Since the words didn’t sound indifferent when spoken out loud, Ari clamped her teeth together. She could deny it as much as she liked, but what Neall thought did matter. Just as what Ahern thought mattered. Maybe because they were the only people left who cared about her at all.
Well, neither of them was likely to find out that she had a Fae lover for the next few days, so she was just chewing worries into her day, as her grandmother used to say.

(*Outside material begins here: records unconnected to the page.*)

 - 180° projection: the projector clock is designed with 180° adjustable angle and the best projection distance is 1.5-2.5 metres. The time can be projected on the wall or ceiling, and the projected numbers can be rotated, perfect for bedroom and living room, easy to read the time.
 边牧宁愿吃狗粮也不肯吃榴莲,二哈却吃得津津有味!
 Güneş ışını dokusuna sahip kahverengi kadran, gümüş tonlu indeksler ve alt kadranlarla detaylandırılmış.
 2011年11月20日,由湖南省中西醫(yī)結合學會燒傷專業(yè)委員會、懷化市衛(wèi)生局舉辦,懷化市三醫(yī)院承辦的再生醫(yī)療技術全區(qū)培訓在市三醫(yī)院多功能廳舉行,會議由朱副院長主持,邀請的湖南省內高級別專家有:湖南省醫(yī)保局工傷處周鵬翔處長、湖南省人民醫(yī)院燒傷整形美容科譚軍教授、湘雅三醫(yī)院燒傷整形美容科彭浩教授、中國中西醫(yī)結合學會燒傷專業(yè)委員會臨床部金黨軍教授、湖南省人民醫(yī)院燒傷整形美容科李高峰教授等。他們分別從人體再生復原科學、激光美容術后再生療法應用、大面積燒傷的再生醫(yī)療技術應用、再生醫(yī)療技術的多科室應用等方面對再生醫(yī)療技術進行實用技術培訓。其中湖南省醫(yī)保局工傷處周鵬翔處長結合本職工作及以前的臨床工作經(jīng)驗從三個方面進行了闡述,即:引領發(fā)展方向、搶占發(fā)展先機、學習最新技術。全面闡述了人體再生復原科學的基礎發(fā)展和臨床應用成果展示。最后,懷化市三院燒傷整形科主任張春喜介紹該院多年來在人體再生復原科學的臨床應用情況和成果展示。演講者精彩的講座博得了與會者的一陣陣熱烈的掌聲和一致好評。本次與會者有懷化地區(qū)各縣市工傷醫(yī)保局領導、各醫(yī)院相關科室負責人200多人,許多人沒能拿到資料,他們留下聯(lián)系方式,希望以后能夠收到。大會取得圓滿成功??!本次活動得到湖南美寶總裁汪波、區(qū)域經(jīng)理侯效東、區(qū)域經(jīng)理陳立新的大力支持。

After pulling on her oldest trousers and tunic, Ari swiftly braided her hair. There was no point in dressing in better clothes when she was going to be working all day. The only person who would see her was Ahern, and the only thing he would notice was the sweet bread she was bringing. So she’d take a quick walk over to his farm, then spend the day working in the garden.

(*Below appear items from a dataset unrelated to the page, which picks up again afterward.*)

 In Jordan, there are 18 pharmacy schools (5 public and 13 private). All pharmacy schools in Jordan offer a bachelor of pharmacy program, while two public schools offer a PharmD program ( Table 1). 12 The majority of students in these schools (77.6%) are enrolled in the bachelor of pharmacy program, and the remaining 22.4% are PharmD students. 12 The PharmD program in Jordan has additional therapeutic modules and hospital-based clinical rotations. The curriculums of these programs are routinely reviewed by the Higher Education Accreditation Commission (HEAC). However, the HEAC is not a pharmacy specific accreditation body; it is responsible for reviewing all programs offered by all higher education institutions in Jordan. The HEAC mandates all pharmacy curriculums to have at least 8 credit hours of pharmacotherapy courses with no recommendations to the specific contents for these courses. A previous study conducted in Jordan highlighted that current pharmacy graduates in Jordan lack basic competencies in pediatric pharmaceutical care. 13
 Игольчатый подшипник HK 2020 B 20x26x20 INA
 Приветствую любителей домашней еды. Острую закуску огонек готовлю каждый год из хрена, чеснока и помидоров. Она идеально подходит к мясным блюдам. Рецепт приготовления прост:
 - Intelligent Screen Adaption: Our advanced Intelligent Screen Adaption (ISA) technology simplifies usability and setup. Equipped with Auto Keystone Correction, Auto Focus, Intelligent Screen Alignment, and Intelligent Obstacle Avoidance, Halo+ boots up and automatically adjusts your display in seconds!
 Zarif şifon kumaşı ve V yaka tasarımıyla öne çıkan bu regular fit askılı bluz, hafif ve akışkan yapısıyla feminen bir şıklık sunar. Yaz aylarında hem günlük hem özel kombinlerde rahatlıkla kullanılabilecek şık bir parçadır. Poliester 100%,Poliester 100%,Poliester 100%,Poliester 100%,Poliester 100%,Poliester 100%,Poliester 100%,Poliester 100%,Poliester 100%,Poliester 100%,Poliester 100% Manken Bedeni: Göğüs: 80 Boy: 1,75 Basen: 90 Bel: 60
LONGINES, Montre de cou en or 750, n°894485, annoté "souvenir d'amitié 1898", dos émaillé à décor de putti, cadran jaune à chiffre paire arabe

And she would not—would not—let herself diminish the satisfaction she felt when she worked with the land because she was brooding about men. She just wouldn’t think about them. She wouldn’t think about Neall or Ahern. And, most of all, she wouldn’t think about the Lightbringer—or wonder if he was coming back tonight.
Chapter Nine
Even though she sensed they would have preferred no other company but their own, Dianna lingered over the morning meal she had shared with Lyrra and Aiden in one of the Clan house’s communal rooms. Lucian had returned early that morning, and she had wanted to meet him casually, when enough time had passed that it wouldn’t seem like she had been waiting for his return to find out what had happened last night.
Lyrra put her feet up on the padded bench and wrapped her arms around her knees. “Perhaps today I’ll whisper in someone’s ear and inspire him to write a great epic,” she said, smiling.
“If you do, try to pick someone with at least a little skill for writing,” Aiden replied, leaning back in his chair. His voice was bland, but his blue eyes sparkled.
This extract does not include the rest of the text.